* _SOURCE DATA_:
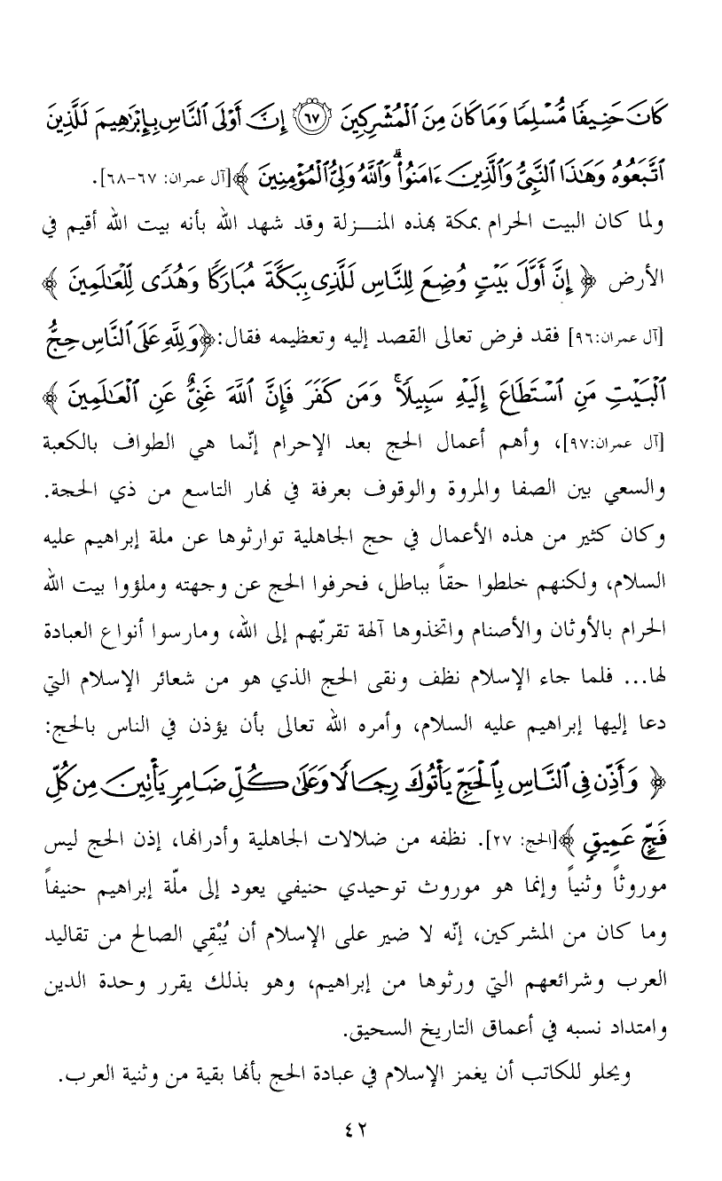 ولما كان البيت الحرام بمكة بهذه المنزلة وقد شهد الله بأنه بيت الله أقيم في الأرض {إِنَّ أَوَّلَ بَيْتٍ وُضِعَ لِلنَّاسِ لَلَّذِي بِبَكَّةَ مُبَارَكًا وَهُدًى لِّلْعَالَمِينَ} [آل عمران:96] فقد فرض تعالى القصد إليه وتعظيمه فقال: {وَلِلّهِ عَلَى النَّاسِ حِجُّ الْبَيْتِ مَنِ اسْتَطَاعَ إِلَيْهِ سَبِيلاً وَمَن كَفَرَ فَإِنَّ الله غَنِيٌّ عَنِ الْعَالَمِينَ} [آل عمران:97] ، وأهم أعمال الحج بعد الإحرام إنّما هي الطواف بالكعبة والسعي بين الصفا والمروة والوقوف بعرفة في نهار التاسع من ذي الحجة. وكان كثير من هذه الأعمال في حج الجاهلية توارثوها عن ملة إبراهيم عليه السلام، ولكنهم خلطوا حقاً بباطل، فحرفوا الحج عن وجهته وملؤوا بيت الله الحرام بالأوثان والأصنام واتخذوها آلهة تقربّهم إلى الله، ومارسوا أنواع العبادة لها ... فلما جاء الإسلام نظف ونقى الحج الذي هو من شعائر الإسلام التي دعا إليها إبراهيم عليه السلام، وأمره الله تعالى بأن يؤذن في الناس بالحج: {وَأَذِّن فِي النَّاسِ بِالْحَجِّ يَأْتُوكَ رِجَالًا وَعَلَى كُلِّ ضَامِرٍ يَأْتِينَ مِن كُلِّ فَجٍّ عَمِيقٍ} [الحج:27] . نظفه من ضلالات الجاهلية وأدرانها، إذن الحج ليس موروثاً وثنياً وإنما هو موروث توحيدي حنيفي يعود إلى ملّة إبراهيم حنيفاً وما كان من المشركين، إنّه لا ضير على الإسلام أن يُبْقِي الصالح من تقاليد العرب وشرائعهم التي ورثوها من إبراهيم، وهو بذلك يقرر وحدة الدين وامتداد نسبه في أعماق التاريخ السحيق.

--

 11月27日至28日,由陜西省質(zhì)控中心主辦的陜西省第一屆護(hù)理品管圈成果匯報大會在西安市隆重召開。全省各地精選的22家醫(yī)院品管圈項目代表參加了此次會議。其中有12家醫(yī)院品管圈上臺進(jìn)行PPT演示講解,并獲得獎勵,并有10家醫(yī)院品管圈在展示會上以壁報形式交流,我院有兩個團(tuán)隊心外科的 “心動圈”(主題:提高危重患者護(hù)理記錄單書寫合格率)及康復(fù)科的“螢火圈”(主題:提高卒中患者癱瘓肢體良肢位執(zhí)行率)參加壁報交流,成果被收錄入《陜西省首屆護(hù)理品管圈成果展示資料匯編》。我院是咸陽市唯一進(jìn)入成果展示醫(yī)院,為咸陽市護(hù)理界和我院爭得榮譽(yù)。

==

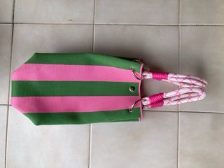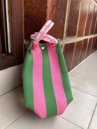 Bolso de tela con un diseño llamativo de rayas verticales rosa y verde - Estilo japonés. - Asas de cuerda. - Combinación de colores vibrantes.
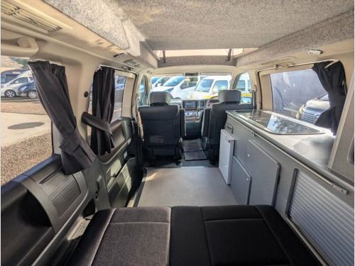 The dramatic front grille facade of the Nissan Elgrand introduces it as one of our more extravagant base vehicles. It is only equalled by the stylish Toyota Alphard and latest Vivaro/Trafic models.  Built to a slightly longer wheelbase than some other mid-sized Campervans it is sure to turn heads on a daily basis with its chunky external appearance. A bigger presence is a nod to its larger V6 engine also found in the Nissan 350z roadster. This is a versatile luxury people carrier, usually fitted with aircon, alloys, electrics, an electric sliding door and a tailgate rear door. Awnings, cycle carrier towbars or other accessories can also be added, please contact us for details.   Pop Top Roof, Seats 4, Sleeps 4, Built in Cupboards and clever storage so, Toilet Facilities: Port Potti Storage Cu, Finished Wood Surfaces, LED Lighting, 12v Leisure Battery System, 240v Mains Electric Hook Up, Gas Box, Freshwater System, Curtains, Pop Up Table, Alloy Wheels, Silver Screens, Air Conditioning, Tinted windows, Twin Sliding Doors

* _EXERCISE_: Begin at the line in the entries above that has "Bolso de tela", stop after the line that has "The dramatic front", and output exactly those lines without pictures.

* _ANSWER TO THE EXERCISE_:
 Bolso de tela con un diseño llamativo de rayas verticales rosa y verde - Estilo japonés. - Asas de cuerda. - Combinación de colores vibrantes.
 The dramatic front grille facade of the Nissan Elgrand introduces it as one of our more extravagant base vehicles. It is only equalled by the stylish Toyota Alphard and latest Vivaro/Trafic models.  Built to a slightly longer wheelbase than some other mid-sized Campervans it is sure to turn heads on a daily basis with its chunky external appearance. A bigger presence is a nod to its larger V6 engine also found in the Nissan 350z roadster. This is a versatile luxury people carrier, usually fitted with aircon, alloys, electrics, an electric sliding door and a tailgate rear door. Awnings, cycle carrier towbars or other accessories can also be added, please contact us for details.   Pop Top Roof, Seats 4, Sleeps 4, Built in Cupboards and clever storage so, Toilet Facilities: Port Potti Storage Cu, Finished Wood Surfaces, LED Lighting, 12v Leisure Battery System, 240v Mains Electric Hook Up, Gas Box, Freshwater System, Curtains, Pop Up Table, Alloy Wheels, Silver Screens, Air Conditioning, Tinted windows, Twin Sliding Doors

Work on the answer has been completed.